GPs choosing locum roles to cap workload, BMA poll reveals

More than three quarters of locum GPs say they have chosen to work in locum roles to have control over their workload, analysis by the BMA suggests.

Dr Zoe Norris: locum roles 'a positive career choice for GPs'

WIth growing numbers of GPs opting to work as locums, the BMA findings suggest that many are making the move as a positive career choice, rather than simply because they are unable to secure traditionally more sought-after partnership or salaried roles.

Almost half (46%) of locum GPs describe the role as a positive career choice, with 36% saying salaried roles are too onerous and unrewarding, and more than half (53%) saying partnership roles are too onerous and unrewarding.

Just 2% said they were working as a locum because they couldn't secure a job as a partner, and just 1% because they were unable to find a salaried post.

Read more: Exodus to locum roles must stop, says RCGP

Around half of the 382 locum GPs who responded to a survey question from the BMA said locum work suited their work pattern and gave them more autonomy than partnership or salaried roles.

Across more than 5,000 GPs in all roles in general practice, partnership remains the most popular career option, with 47% saying their preference over the next five years was to work as a partner under the existing independent contractor model.

Around a third (32%) said they would like to work as a partner within an organisation providing GP services 'at scale', while 30% said they would like to be a portfolio GP.

BMA sessional subcommittee chair Dr Zoe Norris said: 'Choosing a career as a salaried or locum GP is a positive choice for thousands of GPs across England.

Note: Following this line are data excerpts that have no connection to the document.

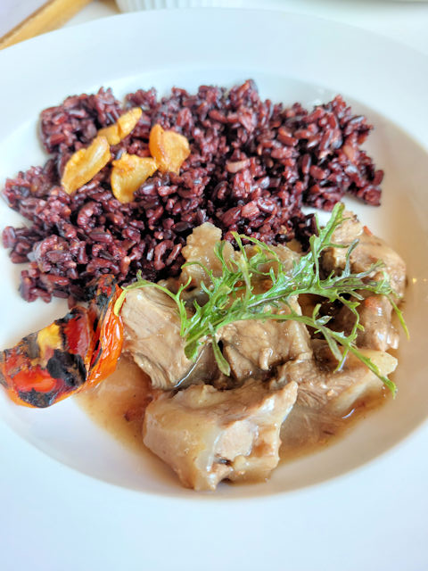 For our main dish we tried Lanai by Fresh Start’s Beef Kansi A la pobre. It’s chunks of beef braised in a kansi sauce and served with brown rice topped with a garlic olive oil confit. I found the serving size of beef to be a bit small.. maybe a little more beef would make this a little heartier.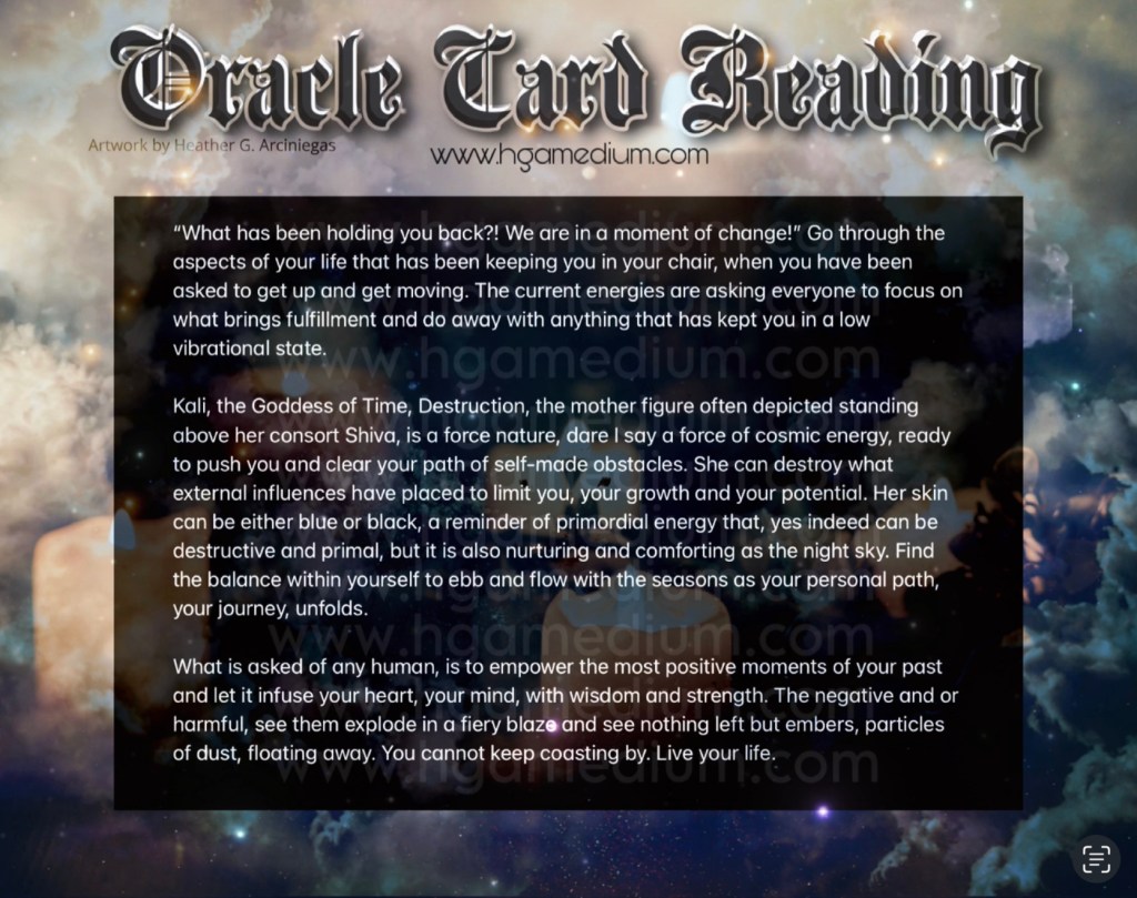 Deck Used: Goddess Power Oracle Deck by Colette Baron-Reid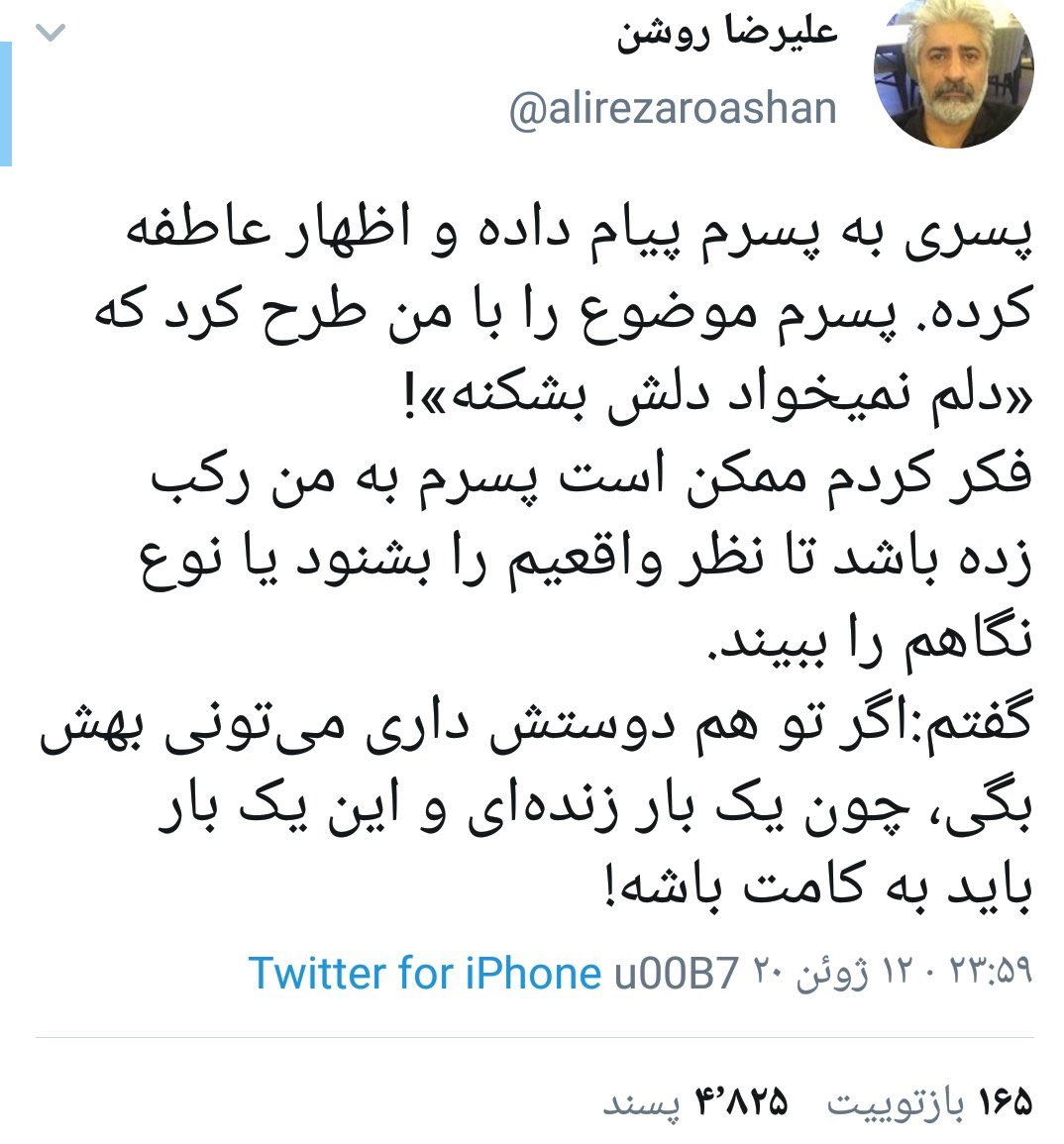 اين توييت عليرضا روشن، يكى از اعضاى فرقه

As this survey shows, many opt for these jobs because they are flexible and for locums offer a degree of control over their own workload. Sessional GPs also said they would consider a wide range of options for the future, including the increasingly popular portfolio GP role. 

'However, we should not be blind to the fact that salaried and locum GPs are on the receiving end of the same pressures that are threatening all of general practice. Many are overworked and operating in an environment with not enough staff or resources. This is bad for patients and demoralising for doctors. We need NHS England and the government to realise that they cannot continue to rely on burnt out grassroots GPs to provide a service that is under threat of collapse.'

GP workforce

Some estimates put the total number of GPs now working as locums as high as 17,000, although many of these may be doctors who also work in permanent roles.

RCGP chair Dr Helen Stokes-Lampard told GPonline earlier this month that the balance of incentives between partnership and locum roles was wrong, with GPs now able to earn more in locum roles and partners facing huge workload pressures.

GPonline reported earlier this year that locums carry out more than a fifth of total workload at one in seven GP practices, and this month revealed that one in six GPs who describe themselves as locums now were partners a year ago.